Son iki gündür yapılan açıklamalar Büyük Ortadoğu Projesi’nin (BOP) İran aşamasının çok zor geçeceğini gösteriyor!
Aralık 2025’te Suriye’nin İsrail-ABD hattına teslim olmasının ardından sıra İran’a gelmişti. Zira Suriye’den çekilenler arasında Rusya’nın yanı sıra İran da vardı. İran’ın Lübnan’dan sonra Suriye’de de oyun dışı kalmasıyla Tahran’a tek saha kaldı:
Kendi toprakları!
İsrail’in İran’a saldırırken Suriye hava sahasını kullanması, havada ikmal bölgesi olarak bu ülkeyi tercih etmesi ayrı bir yazı konusu! Şimdilik şu kadarını vurgulayalım:
İsrail uçakları havalandıktan kısa bir süre sonra başka bir ülkenin hava sahasıyla karşı karşıyaydı. Şimdi rahat! Suriye hava sahasını her amaç için kullanıyor!
***
Gelinen noktada Trump kendisine şu payeleri verdi:
- Huysuz İsrail ille de İran’a saldıracağım dedi.
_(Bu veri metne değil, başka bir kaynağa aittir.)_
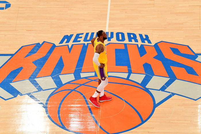 勒布朗·詹姆斯坐在麦迪逊广场花园的更衣柜前,正如当年帕特里克·尤因坐在这里一样,而尤因本人当晚也在场边观战——由于年岁增长,他的膝盖裹在厚厚的冰袋里,酸痛的双脚泡在冰桶里。
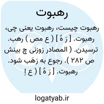 رهبوت. [ رَ هََ ] ( ع مص ) رهب. ترسیدن. ( المصادر زوزنی چ بینش ص 282 ). رجوع به رَهَب شود.
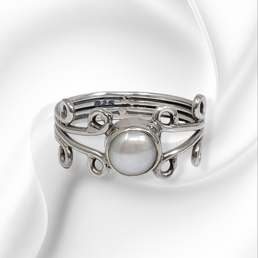 925 Sterling Silver Women's Ring with Authentic Freshwater Pearl
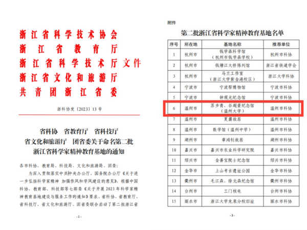 近日,浙江省科协、省教育厅、省科技厅、省文化和旅游厅、团省委联合发布第二批浙江省科学家精神教育基地名单,温州市科协推荐的ac米兰官网中文网站苏步青谷超豪纪念馆榜上有名,成为浙江省内38家科学家精神教育基地之一。
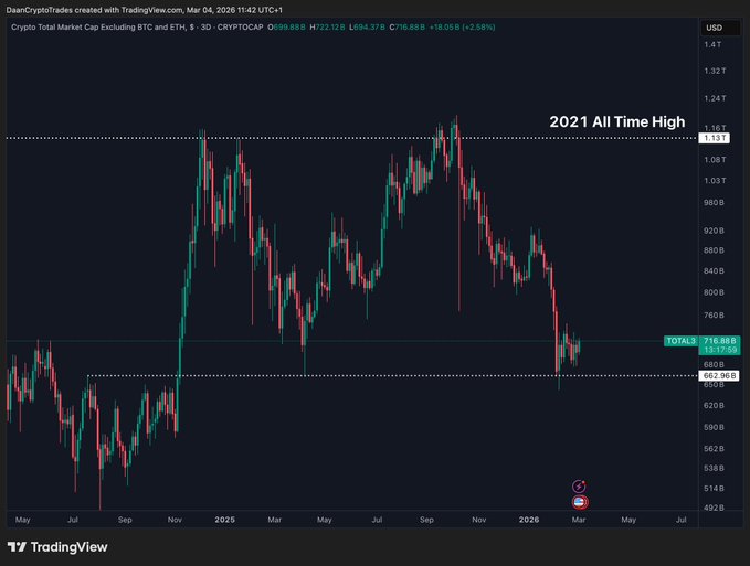 競爭幣總市值一直維持在 2025 年 4 月的低點。 這樣一來,它幾乎在該區域和 2021 年高點之間建立了一個巨大的區間,而該高點在本週期中也多次起到了阻力作用。
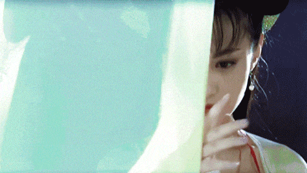 嘴巴也很特别,十分古典的心形唇,嘴角略向下垂,带着点不高兴的意思,完全没有讨好感,中和了眼睛带来的柔媚,整体形象又硬了几分。
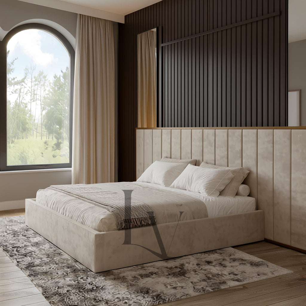 Introducing the Milan Bed, a statement of refined modern elegance crafted for those who desire architectural beauty in their bedroom. Designed with a commanding full-width panel headboard, the Milan brings hotel-suite opulence directly into your home.
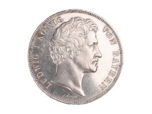 Die Münze zeigt die kreisförmige Anordnung von acht Lorbeerkränzen, die von Bändern umschlungen werden. Innerhalb der Kränze ist jeweils ein Schriftzug mit der Bezeichnung eines der Verwaltungsbezirke des bayerischen Königreiches aufgeführt. Zu lesen sind im Uhrzeigersinn: "Oberbayern, Niederbayern, Pfalz, O. Pfalz u. Reg., Oberfrank., Mitt. Frank., Unt. Fr. u. Asch, Schwab. u. Neub.". Im Inneren des Kränzekreises ist die siebenzeilige Aufschrift "Die Eintheilung d. Königreichs auf geschichtl. Grundlage zurückgeführt 1838" eingraviert. Der Revers zeigt König Ludwig I. im Profil. Im Jahr 1808 kam es zu einer grundlegenden Neuordnung der Verwaltung Bayerns, die von Maximilian von Montgelas initiiert wurden. Montgelas war damals der leitende Minister des zwei Jahre zuvor gegründeten Königreichs Bayern. Im Rahmen dieser Reform wurde auch die mittlere Verwaltungsebene komplett umgestaltet, wobei die historisch gewachsenen Territorialeinheiten aufgelöst und stattdessen fünfzehn administrative Kreise geschaffen wurden. Die Verwaltungsneugliederung von 1817 nach dem Wiener Kongress führte sieben der zwischen 1808 und 1816 geschaffenen 16 Kreise mit vergrößertem Umfang weiter. Die anderen Kreise wurden aufgelöst. Zusätzlich wurde der Untermainkreis als achter Kreis neu errichtet. 1837 ließ König Ludwig I. das französische Benennungssystem der bayerischen Kreise nach Flussnamen durch historisierende Bezeichnungen ersetzen, die die Geschichte der bayerischen Landesteile widerspiegeln sollten. Die Geschichtstaler nutzte Ludwig I. gekonnt, um sich und seine Familie ins Bild zu setzen. Die Darstellungen verweisen auf die Fortschritte Bayerns unter seiner Regentschaft im Bereich der Gesetzgebung, Infrastruktur, des Handels und des Bildungswesens. Die glückliche Verbindung von Tradition und Fortschritt ergibt sich im Überblick der einzelnen Taler, die sowohl die Verbindungen zur katholischen Kirche als auch die Förderung moderner Vorhaben wie der Eisenbahn als gedenkwürdig herausheben. Ludwig verweist auf die von ihm gestifteten Denkmäler zu Ehren der bayerischen Armee sowie verdienter Persönlichkeiten des Landes, darunter Vertreter aus Kunst und Literatur, womit er sie in doppelter Weise ins Gedächtnis der Bürgerinnen und Bürger einschreibt. Die Geschichtstaler wurden mitunter auch zur Kommunikation mit den Untertanen verwendet, so bedankte sich Ludwig in monarchischer Manier mittels einer Münzprägung von 1830 für die Treue der Bayern während der französischen Unruhen. Die propagandistische Absicht, patriotische Umlaufmünzen zu schaffen, erfüllte sich nicht, da die Geschichtstaler nur in geringen Auflagen geprägt wurden und eher bei Sammlern beliebt waren und weniger im Zahlungsverkehr genutzt wurden.
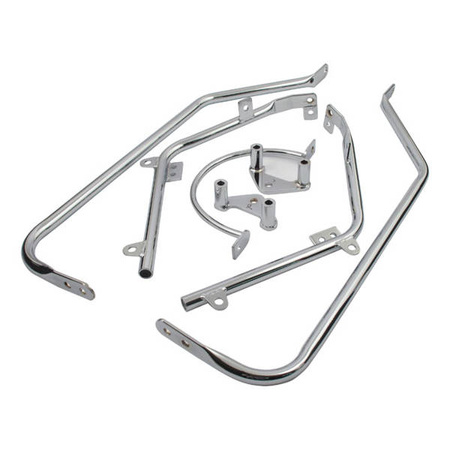 Fits to: 04-13 Sportster; 08-11 883 Custom, 883R Custom, 1200 Roadster 1200 Low and Super Low (NU). Allows installation of 98-13 style B.T. hard bags to your Sportster. Quality steel, chromed. Note: Passenger footpeg relocation required.

Yaptı ama nükleer tesisleri bombalamak için ABD’ye muhtaç olduğunu gördü!
- İran’a, “Ben bir tarafı yüzde yüz desteklersem o kazanır. Yüzde 70 İsrail, yüzde 30 senin yanında durdum. Kıymetini bil” dedim. İran bunun anlamını daha iyi kavrayacak.
- AB, diplomatik girişimler yapmaya kalkınca İran’a doğrudan bombalama dersi verip “kapı açık” mesajını da yanına koydum. Avrupa’ya, “İşin içine diplomasi girecekse, bunu da ben yaparım” dedim. Saldıracağımı bildiği için nükleer sızıntı ortamı oluşmadı!
Netanyahu’nun kendisine verdiği payelerse şunlar oldu:
- İran’a saldırıyı başlatarak ABD’yi arkamıza aldık. ABD’nin bombalamaya mecbur kalması İsrail politikalarının belirleyici olduğunu gösterdi.
- İsrail’in içindeki Netanyahu karşıtları ikinci plana düştü.
- Gazze’deki sivil ölümlerine dünya kamuoyu tepki göstermişti. İran da bizim hastaneleri vurdu. Biz de bunu mesele yaptık.
- Olağanüstü istihbarat gücümüzü sadece İran değil, tüm dünya gördü. Bunu tek başımıza yapmamış olsak bile sonuçta başarı bizim hanemize yazıldı.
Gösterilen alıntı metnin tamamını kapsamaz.